▶ Your assignment
Write out, please, each line from the one containing "Two sets of" to the final line of the data, both included, exactly and without pictures.

(Records from a dataset)

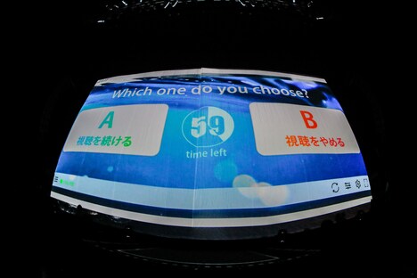 続いてステージ前に現れたスクリーンに「視聴を続ける」「視聴をやめる」という選択肢が投影される。しかし画面に乱れが生じ始め、アンケート機能がストップ。エラー表示のようにオーラルの“目玉マーク“が紗幕に多数映し出されたかと思うと、恒例の“4本打ち”をステージ上で行うメンバーのシルエットが浮かび上がった。スクリーンが再び開くとそこには観客と向き合う形の“普段のオーラルのステージセット”が登場し、ライブの後半パートがスタート。山中の「オーラルのライブはやっぱこれっしょ!」という叫びから、4人は高速のギターリフが印象的な「STARGET」で一気に観客のテンションを引き上げる。「5150」のシンガロングパートでは山中が観客に向かって「声出せないけど、俺らとあんたたちはつながってますから!」と熱く訴えかけた。人気曲「BLACK MEMORY」まで激しいサウンドの曲を立て続けに畳みかけたオーラル。彼らは本編ラストに「Slowly but surely I go on」を優しく奏でて、フロアにピースフルな余韻を残した。
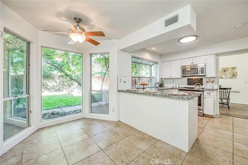 Looking for a home near Woodward Park? Welcome to this move-in-ready 3-bedroom, 2.5-bath home in the highly sought-after community of The Villas II at The Dominion. Perfect as a starter home or for those seeking a low-maintenance lifestyle, this stylish Wilson-built residence offers comfort, charm, and convenience. Upon entry, you'll be greeted by soaring vaulted ceilings, abundant natural light, and a cozy fireplace with an oversized mantle. The home has been freshly painted in neutral tones, creating a bright and welcoming atmosphere that complements any dcor. The formal dining area opens to a private side patio, ideal for indoor-outdoor living and entertaining. The kitchen features granite countertops, stainless steel appliances, and a cheerful breakfast nook with lovely backyard views. This south-facing corner lot backs to a lush greenbelt, offering extra privacy and no rear neighbors. Enjoy the beautifully landscaped backyard, complete with mature trees perfect for relaxing or hosting guests. A large solar system helps keep your energy costs to a minimum, adding to this home's appeal and efficiency. Upstairs, the primary suite welcomes you through double doors and includes a spa-like bathroom for your own private retreat. Located just minutes from Woodward Park, fantastic shopping and dining options, and within the award-winning Clovis Unified School District, this home truly has it all. Don't miss your chance-schedule your private tour today!
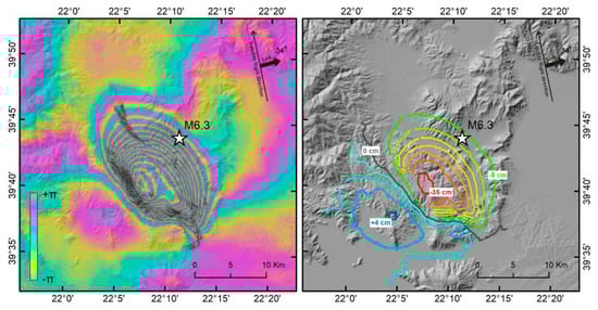 Co-seismic differential interferogram of the first main event (March 3) using Sentinel-1 pre- (25 February 2021) and post-event (3 March 2021) scenes acquired along the ascending 102 orbit (left) and extracted displacement contours after phase unwrapping (right). The reference point is located outside the shown frame. The maximum displacement calculated is 35 cm on the subsiding hanging wall of the seismic fault [].
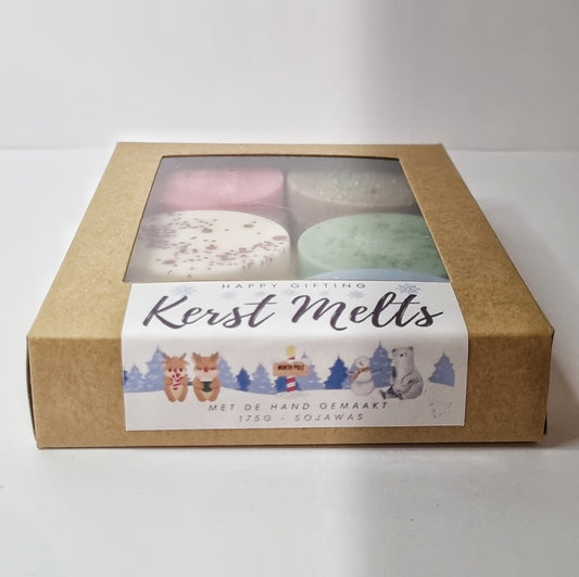 Kerst Melts (175 gram) - 100 uur geurplezier - Bevat de geuren: Witte Kerst, Kerstkoekjes, Kerstboom, Kerstzuurstok, Glühwein en Kerstpudding - Geschenkverpakking
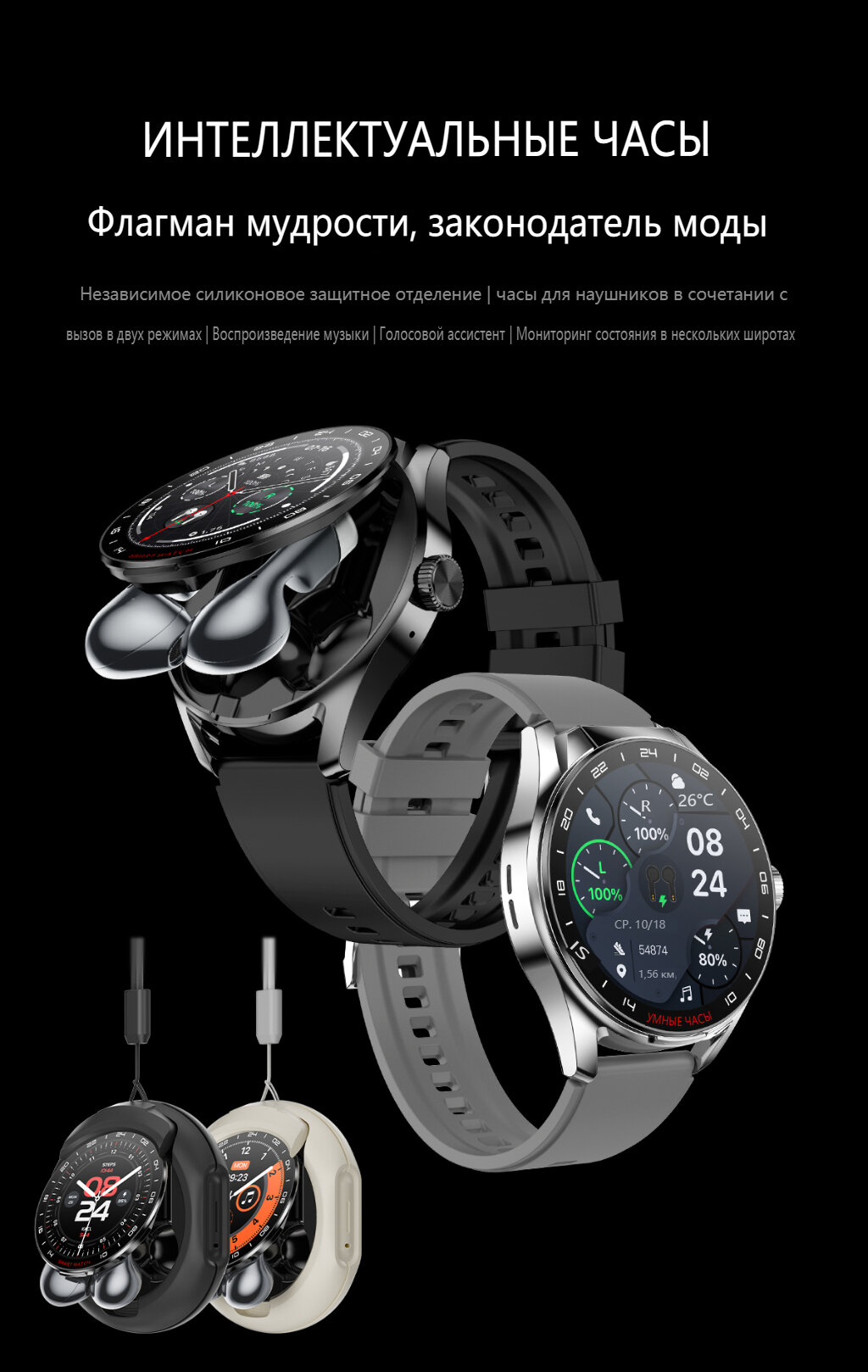 Это не только умные часы, но и беспроводные наушники TWS! Инновационная конструкция «два в одном» отвечает потребностям любых погодных сценариев и органично сочетает в себе работу, спорт и развлечения.
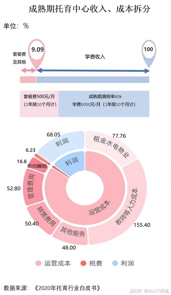 “收費高”,托育機構也是“有苦難言”。近年來托育機構跑路事件頻發,導致人們對其信任度下降,機構招生困難。經分析,一家成熟期托育中心,在客單價5000元的情況下,55%的滿班率將是企業生存的生命線,一旦低于此閾值,托育機構將面臨虧損。
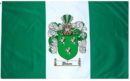 Dison Family Crest Flag / Coat of Arms Flag. You will receive a high quality 3' x 5' Polyester flag with two brass grommets. Proudly display your family heritage with this flag, or hang as a banner on a wall. Our flags make great gifts for birthdays, weddings, anniversaries, fathers day, mothers day, groomsmen gifts, and any other occasion
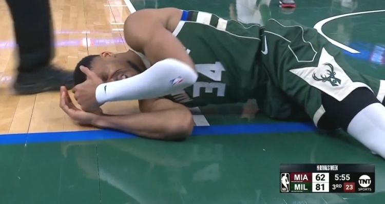 看着都疼!字母哥和阿德巴约拼抢 被后者肘到面部痛苦倒地
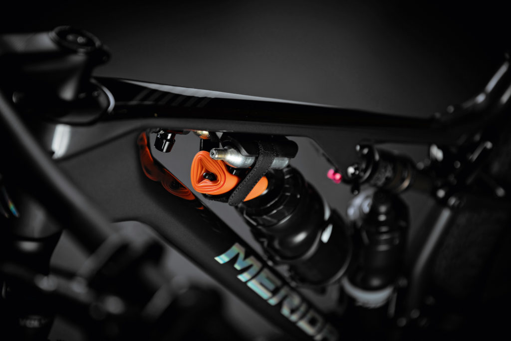 Dans sa version la plus haut de gamme (carbone CF5), le cadre est annoncé à 1 695 g en taille M, mais Merida ne précise pas si ce poids est mesuré avec ou sans amortisseur, ce qui fait une certaine différence. En version CF4/CF5, plus accessible mais plus lourde, il faut compter 150 g de plus.
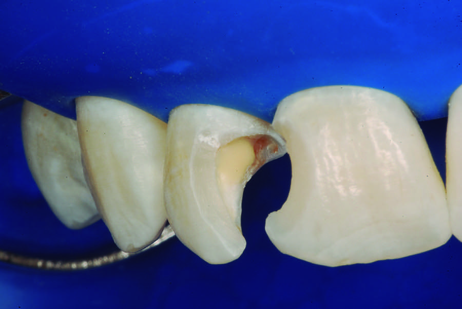 Considering the vast array of therapeutic procedures, professionals face numerous concerns. Thus, this article attempts to present the different treatment sequences for maxillary incisors with extensive carious lesions, with maintenance of the pulp vitality and restoration of teeth anatomy and function. The authors advise against using this procedure in cases in which irreversible pulpitis is diagnosed.
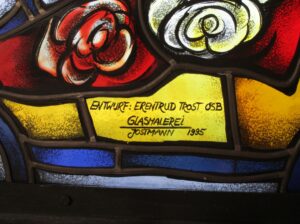 Ein prächtiges, aber selbst in Berlin wenig bekanntes Buntglasfenster befindet sich in dem römisch-katholischen Kloster Sankt Augustinus im Ortsteil Lankwitz. Es ist eine Arbeit von der Benediktinerin Erentrud Trost (1923-2004) aus dem Jahr 1995, ein Jahr vor der Weihung der Kapelle fertiggestellt. In dem reichhaltigen Schaffen der Künstlerin ist es ihre letzte künstlerische Arbeit, die das Himmlische Jerusalem thematisiert. Gewissermaßen hat sie hier viele Elemente früherer Arbeiten zu einer endzeitlichen Schau vereint. Vergleicht man es mit der kurz zuvor fertiggestellten Arbeit in Darleiden, dann gewinnt man den Eindruck einer regelrechten Bildexplosion. Eingebaut wurde es damals von der Glasmalerei Jostmann aus Paderborn.
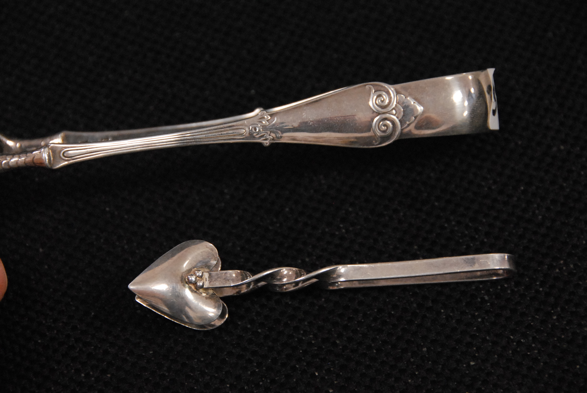 Two sets of sterling tongs, one marked Tiffany & Co.
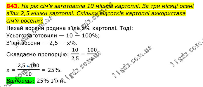 На рік сім’я заготовила 10 мішків картоплі. За три місяці осені з’їли 2,5 мішки картоплі. Скільки відсотків картоплі використала сім’я восени? Нехай восени родина з’їла х% картоплі. Тоді: Усього заготовили — 10 — 100%; З’їли восени — 2,5 — х%. Складаємо пропорцію: 10/2,5 = 100/х; х = (2,5 • 100)/10 = 25%. Відповідь: 25% з’їли.
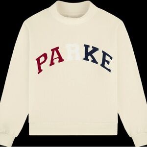 Stay cozy and stylish with this cream sweatshirt featuring vibrant red, white, and blue letters. Perfect for everyday wear.
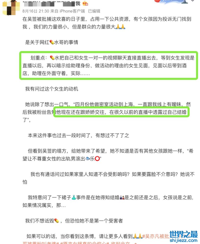 事情起因是一位博主收到了一位女网友的爆料投诉,该网友说自己被药水哥用做助理、做活动的理由约见面并带到酒店,事发时助理还在外面守着。
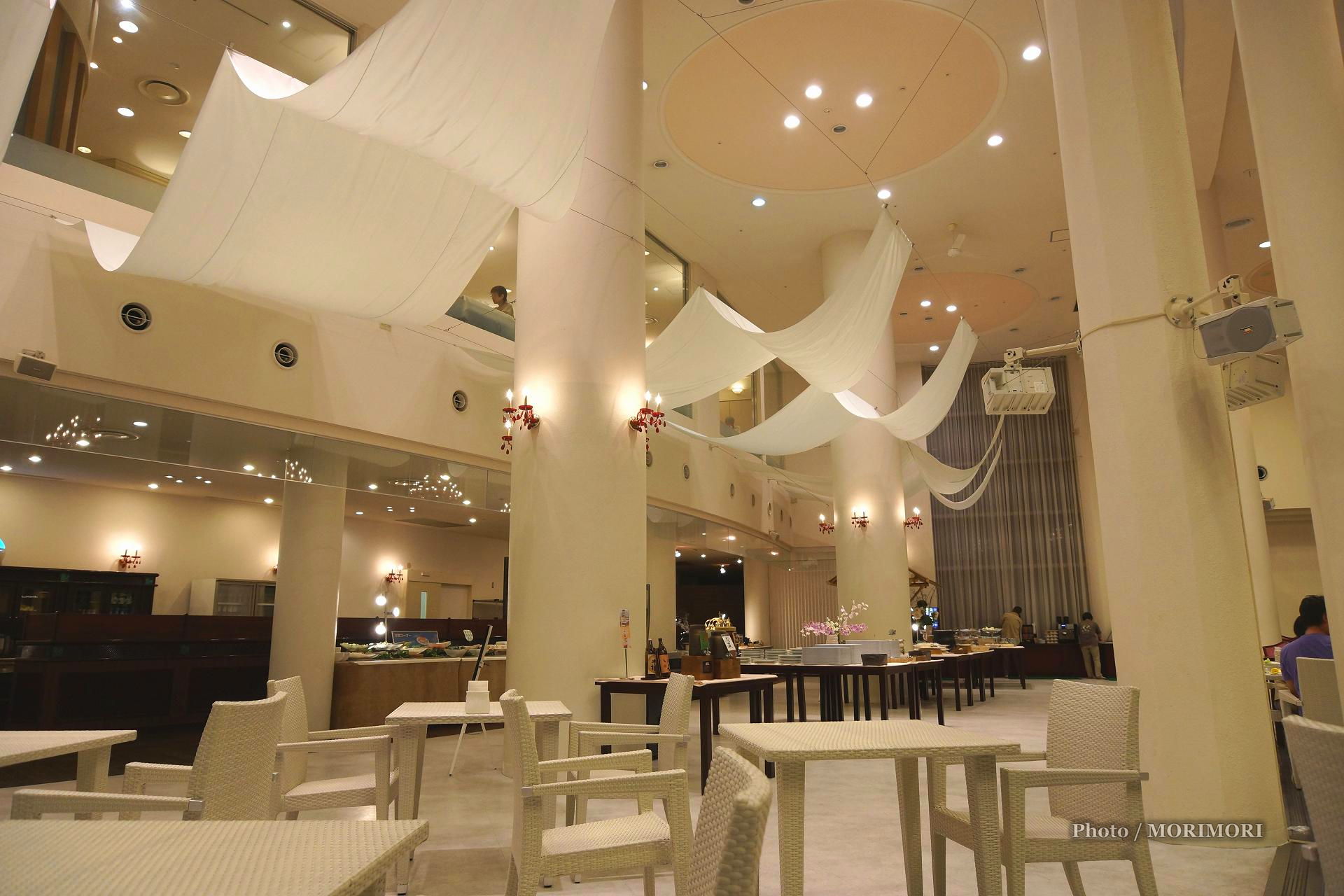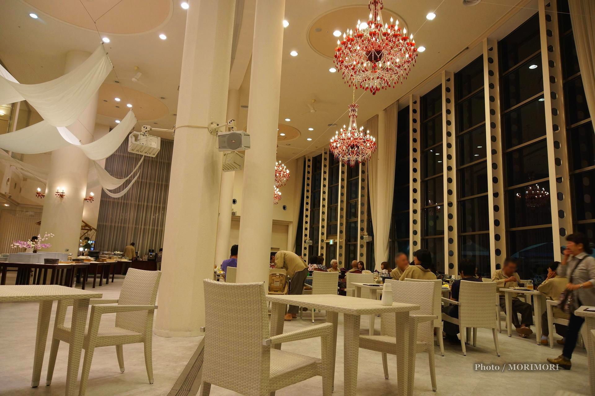 今回のプランでの夕食は、予約時に中華料理とバイキングをセレクト可。私たちはバイキングをチョイス。 「メインダイニング レッドフェアリー」で、旬な食材を使用した郷土料理や、和洋30種類以上のメニュー。 |

▶ Task solution
 Two sets of sterling tongs, one marked Tiffany & Co.
 На рік сім’я заготовила 10 мішків картоплі. За три місяці осені з’їли 2,5 мішки картоплі. Скільки відсотків картоплі використала сім’я восени? Нехай восени родина з’їла х% картоплі. Тоді: Усього заготовили — 10 — 100%; З’їли восени — 2,5 — х%. Складаємо пропорцію: 10/2,5 = 100/х; х = (2,5 • 100)/10 = 25%. Відповідь: 25% з’їли.
 Stay cozy and stylish with this cream sweatshirt featuring vibrant red, white, and blue letters. Perfect for everyday wear.
 事情起因是一位博主收到了一位女网友的爆料投诉,该网友说自己被药水哥用做助理、做活动的理由约见面并带到酒店,事发时助理还在外面守着。
 今回のプランでの夕食は、予約時に中華料理とバイキングをセレクト可。私たちはバイキングをチョイス。 「メインダイニング レッドフェアリー」で、旬な食材を使用した郷土料理や、和洋30種類以上のメニュー。 |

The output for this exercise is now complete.